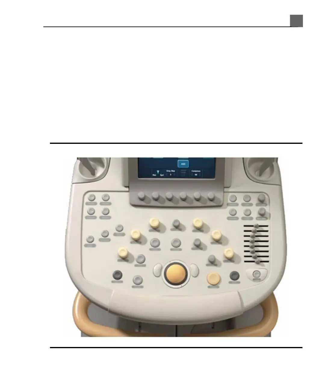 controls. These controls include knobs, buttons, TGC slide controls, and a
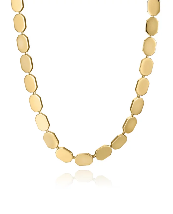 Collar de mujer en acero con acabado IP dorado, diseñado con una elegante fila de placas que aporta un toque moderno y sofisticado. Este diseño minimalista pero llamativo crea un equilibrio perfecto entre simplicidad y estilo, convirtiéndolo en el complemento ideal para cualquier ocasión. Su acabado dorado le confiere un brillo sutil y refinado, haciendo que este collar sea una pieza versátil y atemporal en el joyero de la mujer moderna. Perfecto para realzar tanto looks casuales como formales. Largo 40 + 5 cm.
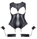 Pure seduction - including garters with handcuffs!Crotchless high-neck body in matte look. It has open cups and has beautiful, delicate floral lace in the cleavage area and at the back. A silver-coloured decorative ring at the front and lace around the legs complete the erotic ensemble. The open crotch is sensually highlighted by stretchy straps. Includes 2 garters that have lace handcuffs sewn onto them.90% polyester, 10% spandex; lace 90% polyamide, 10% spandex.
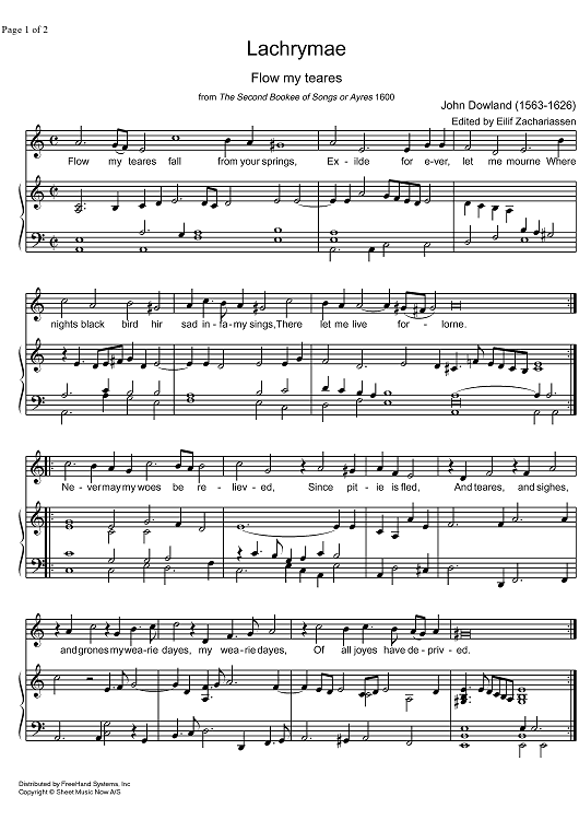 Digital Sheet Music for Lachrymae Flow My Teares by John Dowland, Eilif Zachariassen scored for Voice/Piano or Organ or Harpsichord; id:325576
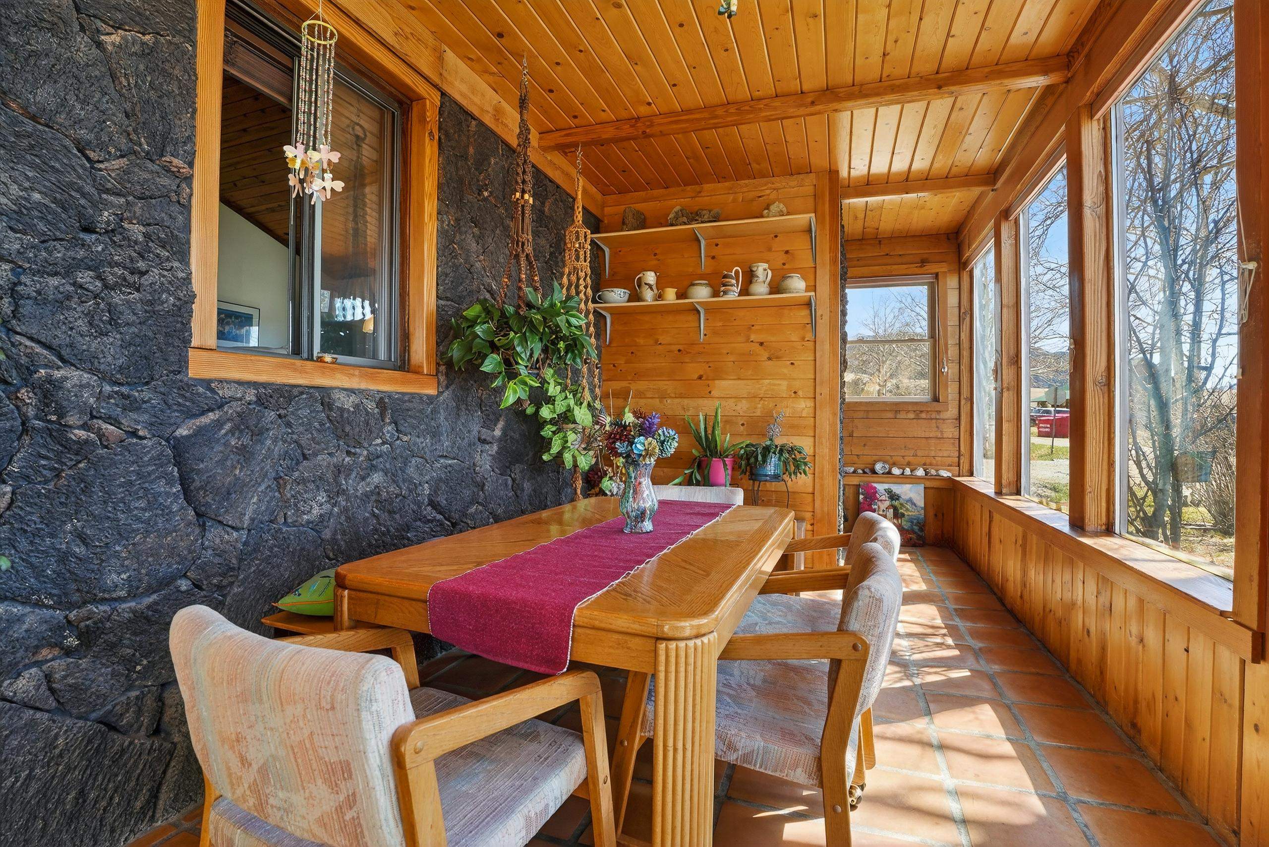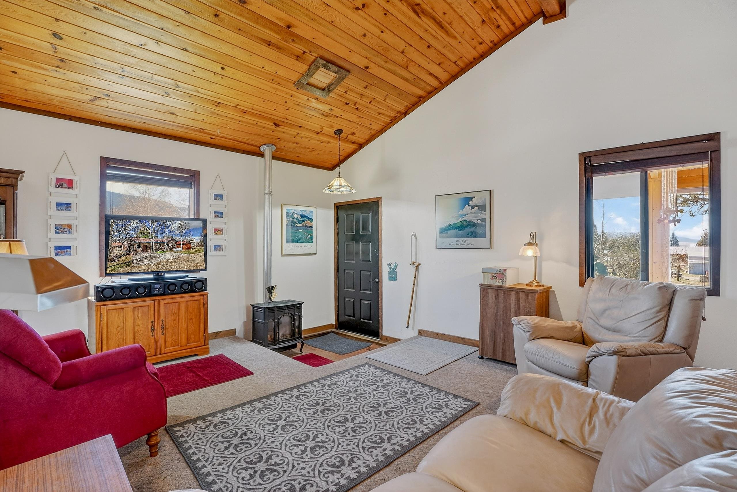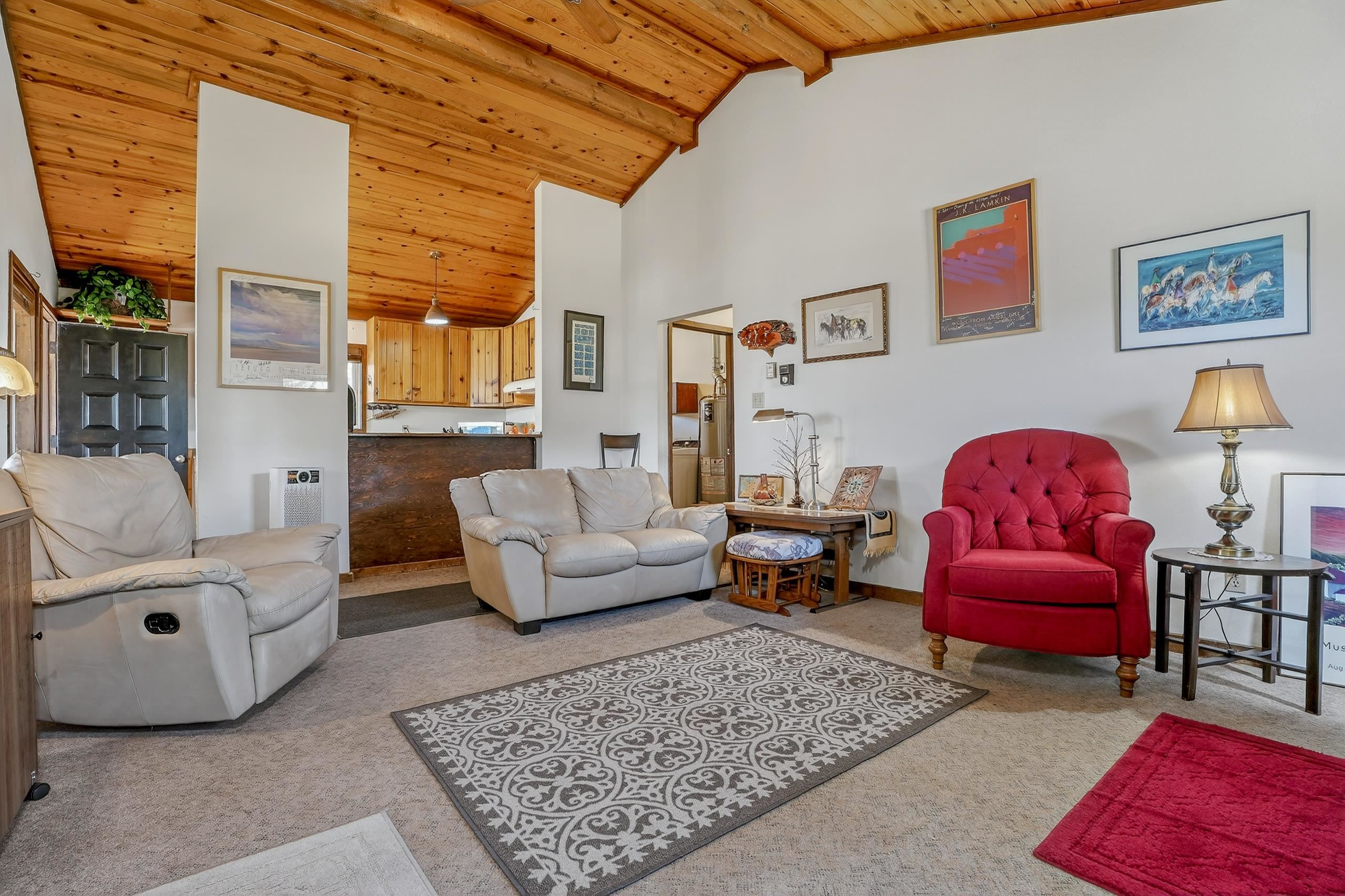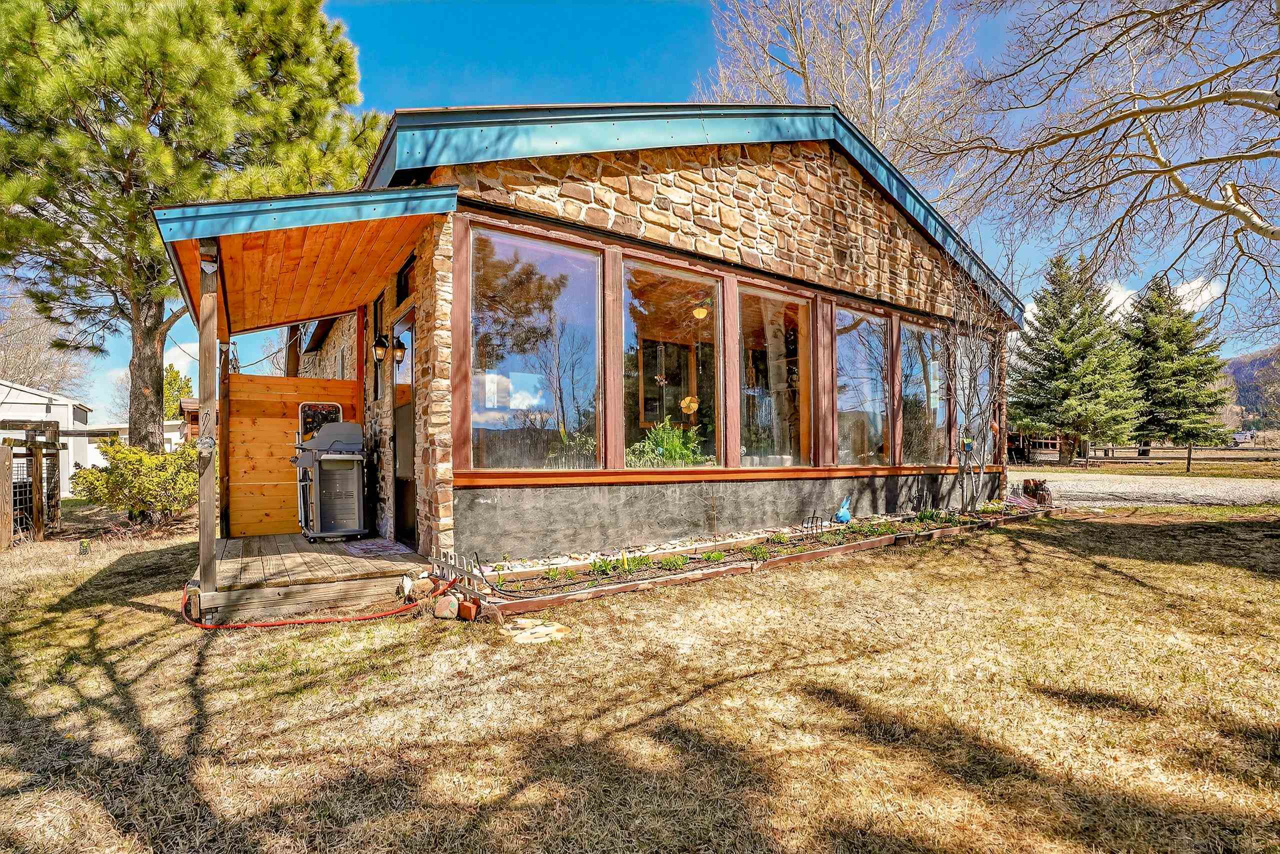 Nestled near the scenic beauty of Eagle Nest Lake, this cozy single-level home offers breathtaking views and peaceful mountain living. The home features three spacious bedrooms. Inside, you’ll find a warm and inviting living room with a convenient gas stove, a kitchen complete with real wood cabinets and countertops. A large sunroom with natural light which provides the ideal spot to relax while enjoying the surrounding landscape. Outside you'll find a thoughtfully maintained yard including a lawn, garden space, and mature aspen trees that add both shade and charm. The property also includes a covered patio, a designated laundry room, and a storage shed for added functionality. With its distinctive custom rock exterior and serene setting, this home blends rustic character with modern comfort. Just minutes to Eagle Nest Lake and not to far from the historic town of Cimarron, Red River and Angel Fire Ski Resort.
========
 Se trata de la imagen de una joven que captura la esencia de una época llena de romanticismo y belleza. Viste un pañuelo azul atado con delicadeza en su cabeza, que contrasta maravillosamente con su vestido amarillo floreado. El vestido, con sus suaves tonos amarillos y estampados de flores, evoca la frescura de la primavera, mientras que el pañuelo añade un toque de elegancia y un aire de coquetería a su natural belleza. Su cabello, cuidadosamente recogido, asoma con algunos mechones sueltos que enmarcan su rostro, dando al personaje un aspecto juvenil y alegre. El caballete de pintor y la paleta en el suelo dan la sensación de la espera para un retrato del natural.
========
Write out the lines above from the one with "controls. These controls" through the one with "Digital Sheet Music", ends included, exactly; no picture goes in.

 controls. These controls include knobs, buttons, TGC slide controls, and a
 Collar de mujer en acero con acabado IP dorado, diseñado con una elegante fila de placas que aporta un toque moderno y sofisticado. Este diseño minimalista pero llamativo crea un equilibrio perfecto entre simplicidad y estilo, convirtiéndolo en el complemento ideal para cualquier ocasión. Su acabado dorado le confiere un brillo sutil y refinado, haciendo que este collar sea una pieza versátil y atemporal en el joyero de la mujer moderna. Perfecto para realzar tanto looks casuales como formales. Largo 40 + 5 cm.
 Pure seduction - including garters with handcuffs!Crotchless high-neck body in matte look. It has open cups and has beautiful, delicate floral lace in the cleavage area and at the back. A silver-coloured decorative ring at the front and lace around the legs complete the erotic ensemble. The open crotch is sensually highlighted by stretchy straps. Includes 2 garters that have lace handcuffs sewn onto them.90% polyester, 10% spandex; lace 90% polyamide, 10% spandex.
 Digital Sheet Music for Lachrymae Flow My Teares by John Dowland, Eilif Zachariassen scored for Voice/Piano or Organ or Harpsichord; id:325576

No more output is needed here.